VISIONI / L’ARTE DELLA FELICITÀ
di Alessandro Rak / Big Sur, MAD Entertainment, Rai Cinema, 2013
MAD(E) IN NAPLES
di Roberta Iannarone
Fin quando i musicisti guideranno i taxi, fin quando
i poeti serviranno ai tavoli, fin quando
i migliori saranno al soldo
dei peggiori... allora stiamo andando dritti verso l'Apocalisse!
Lo speaker
La tristezza la danno
per poco, ma pure la felicità non costa nulla. Allora, tu
che scegli?
Zio Luciano
Siete dei pazzi. Probabilmente questo è
ciò che deve essere passato per la testa a chi ascoltava per
la prima volta il progetto di questo film.
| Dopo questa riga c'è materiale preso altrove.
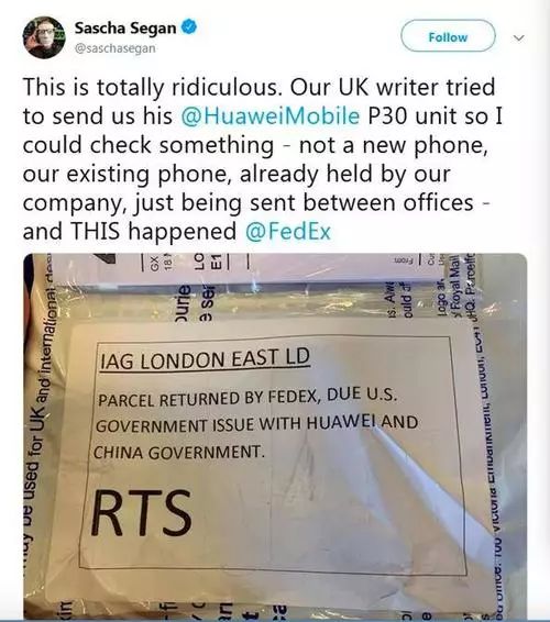 事情的起因,是美国《个人电脑》杂志的工作人员发现他们的英国编辑部寄给美国编辑部用来进行评测的一部华为P30的手机,被美国联邦快递以违反美国政府对华为的禁令为由而退回了。对此,《个人计算机杂志》的一名主管在社交媒体上表示,该事件非常荒谬。该主管写道,“我们邮寄的是一部我们正在使用的手机,只是想在办公室之间进行转移,却在联邦快递发生了这样的事情。”

Dei pazzi furiosi. Fare un
lungometraggio animato con un budget risicatissimo (800mila euro) e una
squadra di animatori dal numero veramente ridotto. Matti da legare.
Realizzare un film d'animazione per “grandi”, che
si rivolge al cuore delle persone per dare loro un punto di vista
diverso, per far capire che è tempo di riprendere in mano il
nostro destino, di riappropriarci della nostra felicità.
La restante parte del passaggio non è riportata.